Stored dataset items:
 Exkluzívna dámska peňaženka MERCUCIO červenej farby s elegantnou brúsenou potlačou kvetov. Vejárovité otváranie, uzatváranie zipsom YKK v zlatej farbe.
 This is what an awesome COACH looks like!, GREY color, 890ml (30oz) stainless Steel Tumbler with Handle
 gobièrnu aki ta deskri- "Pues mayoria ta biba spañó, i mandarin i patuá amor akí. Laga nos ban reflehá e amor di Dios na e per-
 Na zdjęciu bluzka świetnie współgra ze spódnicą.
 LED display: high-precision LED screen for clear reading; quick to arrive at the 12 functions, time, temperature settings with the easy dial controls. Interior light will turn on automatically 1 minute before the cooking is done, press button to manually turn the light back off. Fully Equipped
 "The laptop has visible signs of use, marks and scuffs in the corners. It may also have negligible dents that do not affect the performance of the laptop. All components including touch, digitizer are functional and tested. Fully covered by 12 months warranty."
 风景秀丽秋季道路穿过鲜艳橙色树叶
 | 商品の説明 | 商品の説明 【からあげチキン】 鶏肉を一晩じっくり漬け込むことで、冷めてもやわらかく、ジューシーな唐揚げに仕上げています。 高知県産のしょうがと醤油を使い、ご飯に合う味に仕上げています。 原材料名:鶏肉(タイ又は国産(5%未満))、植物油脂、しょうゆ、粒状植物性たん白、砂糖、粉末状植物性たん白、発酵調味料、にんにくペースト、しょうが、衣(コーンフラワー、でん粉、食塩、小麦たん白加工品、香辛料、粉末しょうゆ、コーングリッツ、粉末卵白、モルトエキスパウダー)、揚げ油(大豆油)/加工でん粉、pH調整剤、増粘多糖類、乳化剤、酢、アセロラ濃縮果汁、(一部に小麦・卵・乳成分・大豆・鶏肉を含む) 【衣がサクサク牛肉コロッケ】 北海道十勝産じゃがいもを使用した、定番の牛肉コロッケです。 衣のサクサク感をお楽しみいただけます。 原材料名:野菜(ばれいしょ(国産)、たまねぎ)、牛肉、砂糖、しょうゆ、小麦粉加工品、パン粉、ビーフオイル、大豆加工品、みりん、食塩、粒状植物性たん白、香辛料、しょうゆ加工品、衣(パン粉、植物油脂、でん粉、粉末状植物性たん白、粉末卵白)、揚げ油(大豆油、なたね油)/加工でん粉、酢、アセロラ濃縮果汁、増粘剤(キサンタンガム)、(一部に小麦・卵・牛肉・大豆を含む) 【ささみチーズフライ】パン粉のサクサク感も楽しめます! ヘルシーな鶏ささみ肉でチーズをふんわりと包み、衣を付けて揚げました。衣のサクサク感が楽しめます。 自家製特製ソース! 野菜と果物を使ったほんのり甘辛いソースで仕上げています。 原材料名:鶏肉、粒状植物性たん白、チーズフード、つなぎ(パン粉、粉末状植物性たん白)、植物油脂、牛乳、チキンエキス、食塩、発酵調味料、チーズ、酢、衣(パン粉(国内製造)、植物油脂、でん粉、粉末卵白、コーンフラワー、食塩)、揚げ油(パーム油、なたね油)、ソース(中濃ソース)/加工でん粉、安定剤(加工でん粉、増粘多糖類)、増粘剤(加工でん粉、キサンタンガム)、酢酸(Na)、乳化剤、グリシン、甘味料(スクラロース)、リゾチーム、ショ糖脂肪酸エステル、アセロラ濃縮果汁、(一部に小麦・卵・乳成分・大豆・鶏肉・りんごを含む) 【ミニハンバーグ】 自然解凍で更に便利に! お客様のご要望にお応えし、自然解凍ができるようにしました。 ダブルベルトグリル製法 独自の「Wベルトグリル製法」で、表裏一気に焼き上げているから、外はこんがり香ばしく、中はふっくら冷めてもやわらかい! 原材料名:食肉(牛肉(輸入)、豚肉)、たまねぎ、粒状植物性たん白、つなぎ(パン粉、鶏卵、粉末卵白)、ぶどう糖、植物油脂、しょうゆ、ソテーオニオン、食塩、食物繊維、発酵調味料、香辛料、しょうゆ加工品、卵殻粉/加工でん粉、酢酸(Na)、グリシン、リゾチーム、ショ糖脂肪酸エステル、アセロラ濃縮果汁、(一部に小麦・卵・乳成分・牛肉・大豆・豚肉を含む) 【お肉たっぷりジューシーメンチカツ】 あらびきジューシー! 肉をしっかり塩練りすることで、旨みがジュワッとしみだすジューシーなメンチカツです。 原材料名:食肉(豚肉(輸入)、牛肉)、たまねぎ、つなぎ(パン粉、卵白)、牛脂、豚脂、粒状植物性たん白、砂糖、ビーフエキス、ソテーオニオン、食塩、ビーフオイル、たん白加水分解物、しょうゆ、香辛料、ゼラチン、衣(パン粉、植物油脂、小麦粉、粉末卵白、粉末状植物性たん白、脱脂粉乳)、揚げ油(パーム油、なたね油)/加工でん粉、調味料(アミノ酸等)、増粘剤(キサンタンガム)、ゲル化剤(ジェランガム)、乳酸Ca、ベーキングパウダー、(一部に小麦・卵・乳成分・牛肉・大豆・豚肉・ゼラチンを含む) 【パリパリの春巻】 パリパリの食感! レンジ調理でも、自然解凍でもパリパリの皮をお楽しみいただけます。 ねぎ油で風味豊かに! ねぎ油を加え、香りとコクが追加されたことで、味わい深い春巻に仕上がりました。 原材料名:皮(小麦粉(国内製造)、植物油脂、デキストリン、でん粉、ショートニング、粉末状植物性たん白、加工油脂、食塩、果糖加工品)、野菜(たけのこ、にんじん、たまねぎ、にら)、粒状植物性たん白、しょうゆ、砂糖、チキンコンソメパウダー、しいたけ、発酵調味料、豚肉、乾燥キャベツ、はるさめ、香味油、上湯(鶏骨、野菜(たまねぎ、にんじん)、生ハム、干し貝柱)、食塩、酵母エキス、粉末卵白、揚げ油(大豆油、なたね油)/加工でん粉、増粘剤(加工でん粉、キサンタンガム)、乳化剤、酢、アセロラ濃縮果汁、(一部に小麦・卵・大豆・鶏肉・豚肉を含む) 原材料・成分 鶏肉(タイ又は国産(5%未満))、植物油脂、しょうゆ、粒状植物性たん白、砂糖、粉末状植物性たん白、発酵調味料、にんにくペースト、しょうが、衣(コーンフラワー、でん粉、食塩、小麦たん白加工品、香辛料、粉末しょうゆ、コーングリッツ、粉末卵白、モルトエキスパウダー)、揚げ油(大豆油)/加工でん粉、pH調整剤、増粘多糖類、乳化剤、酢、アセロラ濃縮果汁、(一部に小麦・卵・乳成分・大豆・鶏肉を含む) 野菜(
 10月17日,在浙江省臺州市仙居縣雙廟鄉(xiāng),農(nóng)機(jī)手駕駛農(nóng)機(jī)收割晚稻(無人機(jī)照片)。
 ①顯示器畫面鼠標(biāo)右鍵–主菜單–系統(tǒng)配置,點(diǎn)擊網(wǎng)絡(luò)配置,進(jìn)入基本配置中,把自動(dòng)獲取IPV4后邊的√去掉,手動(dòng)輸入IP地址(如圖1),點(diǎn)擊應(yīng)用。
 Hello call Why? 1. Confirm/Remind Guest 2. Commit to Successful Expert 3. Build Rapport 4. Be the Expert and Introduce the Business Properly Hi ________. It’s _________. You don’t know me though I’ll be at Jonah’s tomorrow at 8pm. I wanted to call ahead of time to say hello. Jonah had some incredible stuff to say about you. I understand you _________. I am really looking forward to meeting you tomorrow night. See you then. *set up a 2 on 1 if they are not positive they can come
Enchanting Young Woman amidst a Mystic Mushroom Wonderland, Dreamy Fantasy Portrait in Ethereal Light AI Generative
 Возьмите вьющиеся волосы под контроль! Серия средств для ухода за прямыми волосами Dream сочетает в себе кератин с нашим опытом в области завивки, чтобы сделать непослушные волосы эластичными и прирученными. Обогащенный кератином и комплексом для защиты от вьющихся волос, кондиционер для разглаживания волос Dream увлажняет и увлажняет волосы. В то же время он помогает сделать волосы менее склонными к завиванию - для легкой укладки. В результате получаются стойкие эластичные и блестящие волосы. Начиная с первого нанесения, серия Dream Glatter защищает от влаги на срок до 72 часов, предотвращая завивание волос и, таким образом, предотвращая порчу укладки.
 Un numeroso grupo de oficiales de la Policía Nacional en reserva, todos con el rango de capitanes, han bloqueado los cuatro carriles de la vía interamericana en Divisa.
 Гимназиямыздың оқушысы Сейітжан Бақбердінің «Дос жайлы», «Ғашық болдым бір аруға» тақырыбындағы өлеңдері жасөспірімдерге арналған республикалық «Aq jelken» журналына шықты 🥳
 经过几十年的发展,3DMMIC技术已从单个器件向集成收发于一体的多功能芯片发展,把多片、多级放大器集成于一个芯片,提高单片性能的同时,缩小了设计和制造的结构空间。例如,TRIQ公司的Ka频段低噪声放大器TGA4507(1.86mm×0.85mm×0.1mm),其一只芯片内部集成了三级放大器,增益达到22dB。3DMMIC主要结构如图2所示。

TO DO: The output should be exactly the lines above from the line containing "Hello call Why?" to the line containing "Un numeroso grupo", inclusive, with no other lines.

RESULT FOR THIS EXERCISE:
 Hello call Why? 1. Confirm/Remind Guest 2. Commit to Successful Expert 3. Build Rapport 4. Be the Expert and Introduce the Business Properly Hi ________. It’s _________. You don’t know me though I’ll be at Jonah’s tomorrow at 8pm. I wanted to call ahead of time to say hello. Jonah had some incredible stuff to say about you. I understand you _________. I am really looking forward to meeting you tomorrow night. See you then. *set up a 2 on 1 if they are not positive they can come
Enchanting Young Woman amidst a Mystic Mushroom Wonderland, Dreamy Fantasy Portrait in Ethereal Light AI Generative
 Возьмите вьющиеся волосы под контроль! Серия средств для ухода за прямыми волосами Dream сочетает в себе кератин с нашим опытом в области завивки, чтобы сделать непослушные волосы эластичными и прирученными. Обогащенный кератином и комплексом для защиты от вьющихся волос, кондиционер для разглаживания волос Dream увлажняет и увлажняет волосы. В то же время он помогает сделать волосы менее склонными к завиванию - для легкой укладки. В результате получаются стойкие эластичные и блестящие волосы. Начиная с первого нанесения, серия Dream Glatter защищает от влаги на срок до 72 часов, предотвращая завивание волос и, таким образом, предотвращая порчу укладки.
 Un numeroso grupo de oficiales de la Policía Nacional en reserva, todos con el rango de capitanes, han bloqueado los cuatro carriles de la vía interamericana en Divisa.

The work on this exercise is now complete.